On Tue, Feb 19, 2013 at 10:03 PM, Simon Sapin <simon.sapin@kozea.fr> wrote:
> http://lists.w3.org/Archives/Public/www-style/2013Feb/0278.html
>
> 1. Perhaps for team-legal rather than this WG? When a spec contains detailed
> algorithm in English, implementing it may look like "translating" it to a
> computer language, similar to translating the spec to another human
> language.
>
> Clarify that implementing is not a "derivative work" forbidden by the W3C
> Document License?
>
>
> http://lists.w3.org/Archives/Public/www-style/2013Feb/0402.html

As noted by others, this is perhaps a Team legal issue, but shouldn't
be an issue for Syntax until/unless they say something about it.

> 2. Possible security issue: Taking the stylesheet’s character encoding from
> the referring document should be same-origin only.

Haven't looked into this yet.  Added an issue.

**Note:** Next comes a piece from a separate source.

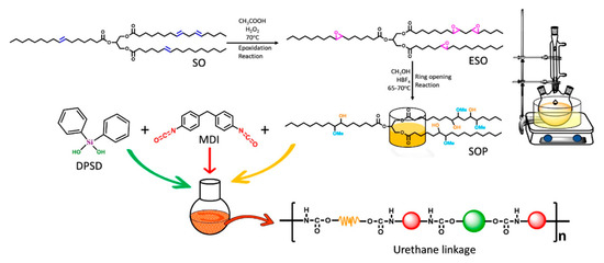 - Patel, R.; Chaudhary, M.L.; Chaudhary, S.; Gupta, R.K. Comparative Analysis of Aliphatic and Aromatic Isocyanates on Soy-Based Polyurethane Films Modified with Schiff Base Diol. J. Polym. Environ. 2025, 33, 415–430. [Google Scholar] [CrossRef]

> 3. Editorial: get rid of §3.2.1. "Preprocessing the input stream" by doing
> the same work in the tokenizer?

I haven't tried to do this yet.  Is it necessary?  You could consider
it part of tokenization, in the same way that "consume a component
value" is part of parsing.

> 4. Editorial: The tokenizer would be nicer (and could be less redundant)
> with a style closer to that of the parser: a bunch of "functions" that call
> each-other rather than a state machine. (Not quite "recursive decent"
> though, there is no recursion.)

With the help of some identification/validation functions, I've
eliminate a *ton* of redundancy.  Let me know if you find any
remaining stuff that would benefit from being abstracted out.

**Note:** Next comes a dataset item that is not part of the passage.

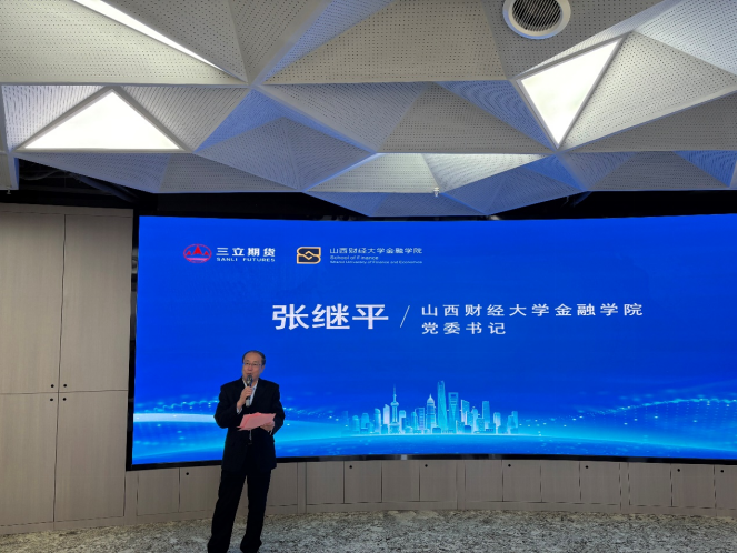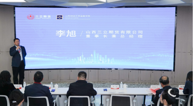 李旭董事长回顾了三立期货有限公司与我校长达25年的合作关系,强调培养具有社会责任感的优秀人才是企业的重要使命。自2001年以来,三立期货与我校通过《期货投资理论与实务》选修课共同培育了超过一千名学生,这些学生在期货及金融行业发挥了重要作用。李董事长表示,三立期货不仅致力于期货行业的发展,也为山西的能源转型和企业竞争力提升贡献力量。作为全国首批期货公司,三立期货希望未来能进一步深化与我校的合作,为学生提供更多学习和实习机会。

> 5. Editorial: use more look-ahead to avoid "reconsuming"?

Most of the reconsuming is just for convenience.  If you spot places
where you think I could use lookahead rather than reconsuming (and
which wouldn't violate my "three characters of lookahead, one token of
lookahead" rule), let me know.

> 6. *-match tokens: maybe add now tokens for !#%+./?@ (each follow by = equal
> sign) in addition to the current ~|^$* so that future additions to Selectors
> don’t need to add new tokens. Maybe have a single "match" token with a
> character value (like delim) rather than many tokens.

Could, or we could just wait and add to the parser later.  Dunno what's best.

> 7. *If* SVG2 wants some of its attributes values to have CSS syntax *but*
> not allow CSS comments, add a "no comment" flag to the tokenizer. Tab and I
> would rather just allow comments, though, if that’s not a web-compat issue.

Up to the SVGWG, but I don't think they need this control.

> 8a. Should EOF in quoted strings or urls not be an error at all, to be
> consistent with the rest of the "unexpected EOF" rules?

I'd be fine with this, but I'd need to check compat again, as I've
forgotten the original details.

> 8b. (Special case of the above) §4.2 of CSS 2.1 has an example where EOF in
> a string as acceptable, in contradiction with its own Core Grammar in §4.4.1
> where it’s a bad-string token.

Yay!

> 9. There is concern with bad-string and bad-url being "preserved". (Should
> always be errors caught as early as possible?) But I don’t see how to do
> this while enabling Media Queries’s fine-grained error handling.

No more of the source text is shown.